Floodwall Murals, Portsmouth
This southern Ohio city’s dozens of downtown murals depict scenes from local history reaching back centuries.
Like many cities along the Ohio River hit by the flood of 1937, Portsmouth built large floodwalls to protect the community against rising waters. The measure worked in preventing two later floods, but it came with one glaring problem: the uniformly 20-foot-high barriers cut off views of the river.
“The wall was like a prison wall,” says Robert Dafford, a professional muralist, who was hired to beautify the stark gray structures. In 1992, a local committee approached Dafford, who had been painting historical murals since the 1970s, about giving the town a fresh perspective along the riverfront.
“A big part of the point of the project was to paint back scenery — views of the river — but base the whole mural project on [the town’s] history,” explains Dafford, who lives in Louisiana.
After meeting with historians to discuss local history and selecting about 100 subjects, the artist began work on the first 60 images.

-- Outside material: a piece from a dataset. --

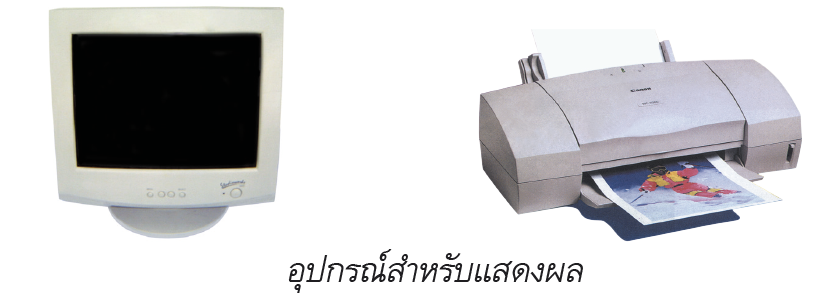 – หน่วยแสดงผล อุปกรณ์ที่ใช้แสดงผล เช่น จอภาพ ลำโพง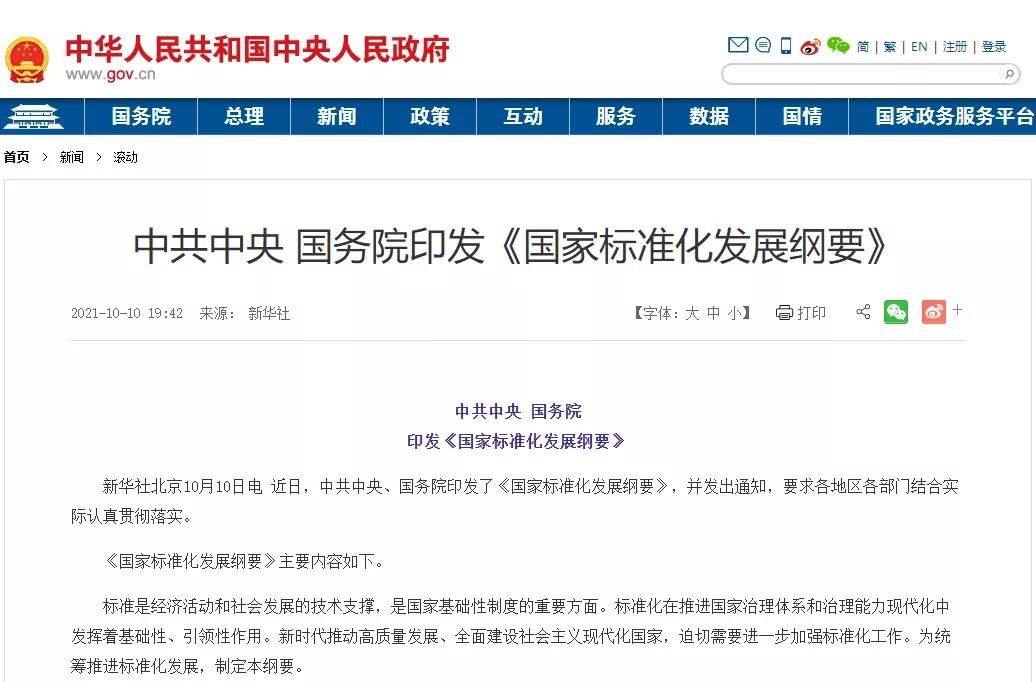 中共中央、國務(wù)院日前印發(fā)《國家標準化發(fā)展綱要》(以下簡稱《綱要》),為未來15年我國標準化發(fā)展設(shè)定目標和藍圖。這是我國標準化領(lǐng)域第一個國家層面制定的發(fā)展綱要。

“It took me 10 summers, because I had a lot of work in other places,” Dafford recalls, adding that he received help from Portsmouth artists Herb Roe and Michael Doherty. “But I would go and work there every summer.”

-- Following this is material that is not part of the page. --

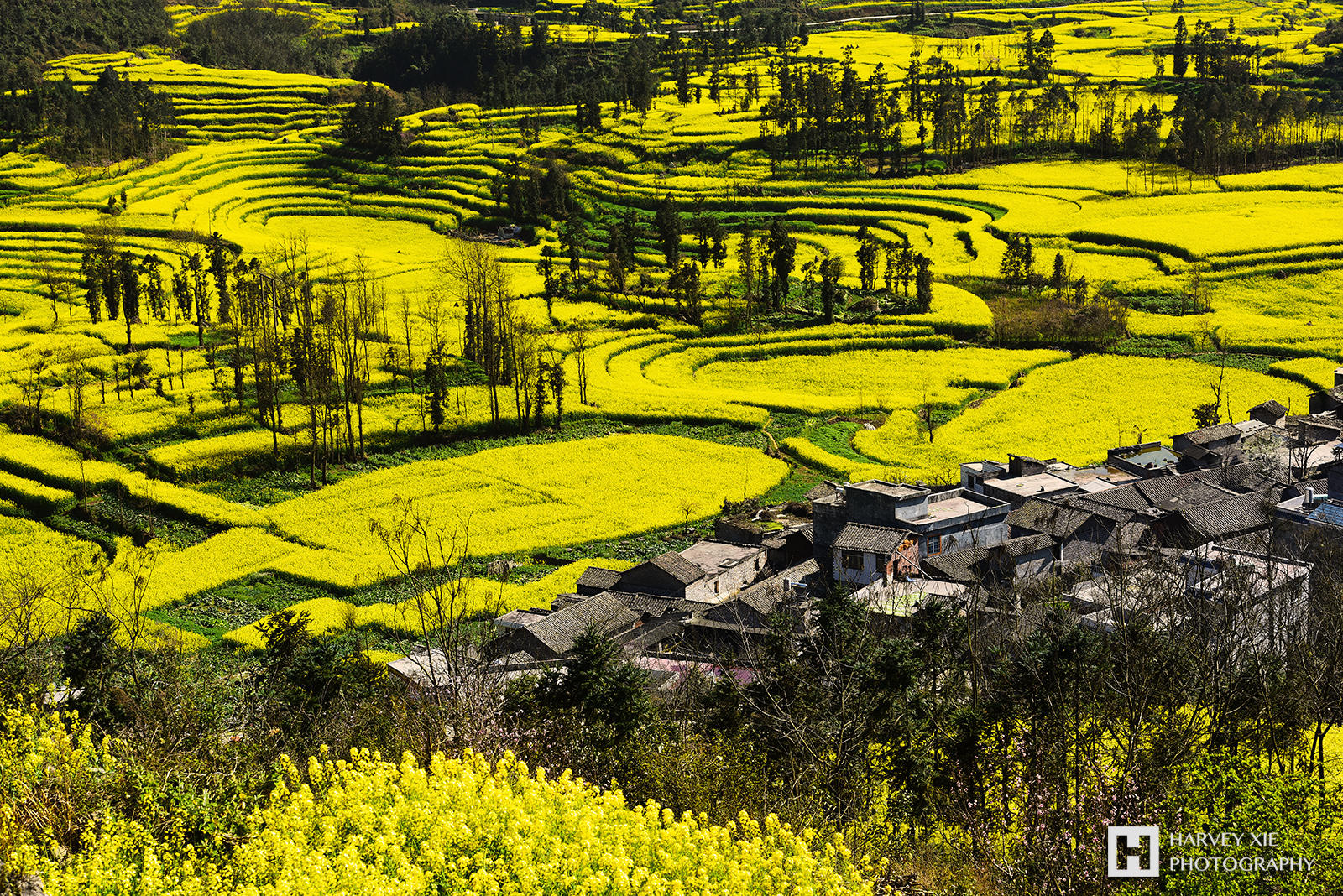 成畦成片的金黄色漫开来,淹没着田野村庄和房屋,潮湿的空气中飘满了花粉般质感的微尘,让人领略到高原花海的万种风情,把你的心情,把你的思绪,都染得金灿灿的。

Each segment of the wall — most 40-feet wide — celebrates Portsmouth’s history stretching back more than 2,000 years, including illustrations of earthen mounds built by Hopewell natives, scenes depicting the commerce along the Ohio & Erie Canal and images of famous locals (Roy Rogers waves from one part of the wall as he sits atop his rearing horse). The time it took to create each painting varied on subject matter, but Dafford estimates an average of three weeks. Once he completed his first decade of work on the project, he decided to keep going.

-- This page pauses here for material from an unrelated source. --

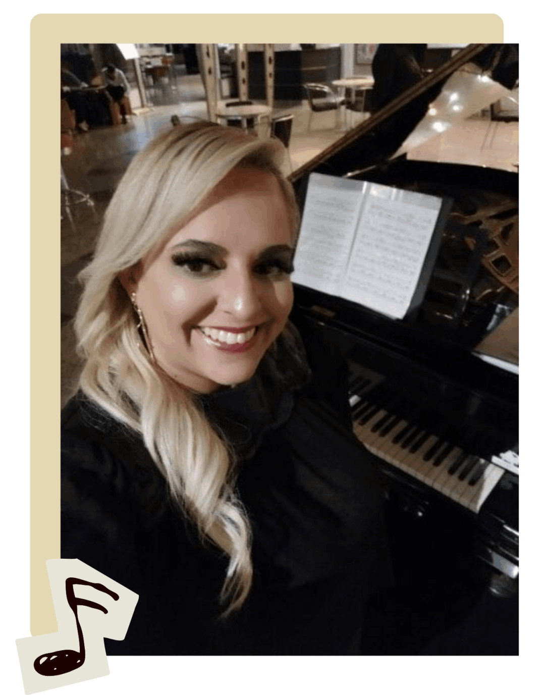 Mestranda pela The University of the Arts of Philadélphia em The Master of Music in Music Education, formada em Pedagogia e administração escolar pela Universiadade Cidade de São Paulo.

“After we finished the original half a mile — 60 paintings — we turned the corner,” he says, adding that he painted five more, with each taking two to three summers.
Dafford says he’ll be working on the project again this summer. To him, the Floodwall Murals are a vital part of celebrating our nation’s history.
“We [Americans] don’t have much of a tradition of painting our history on a big scale,” says Dafford. “That was just a big old need that I saw, so I set out trying to help people see their ancestry and their history and how we got to be who we are.”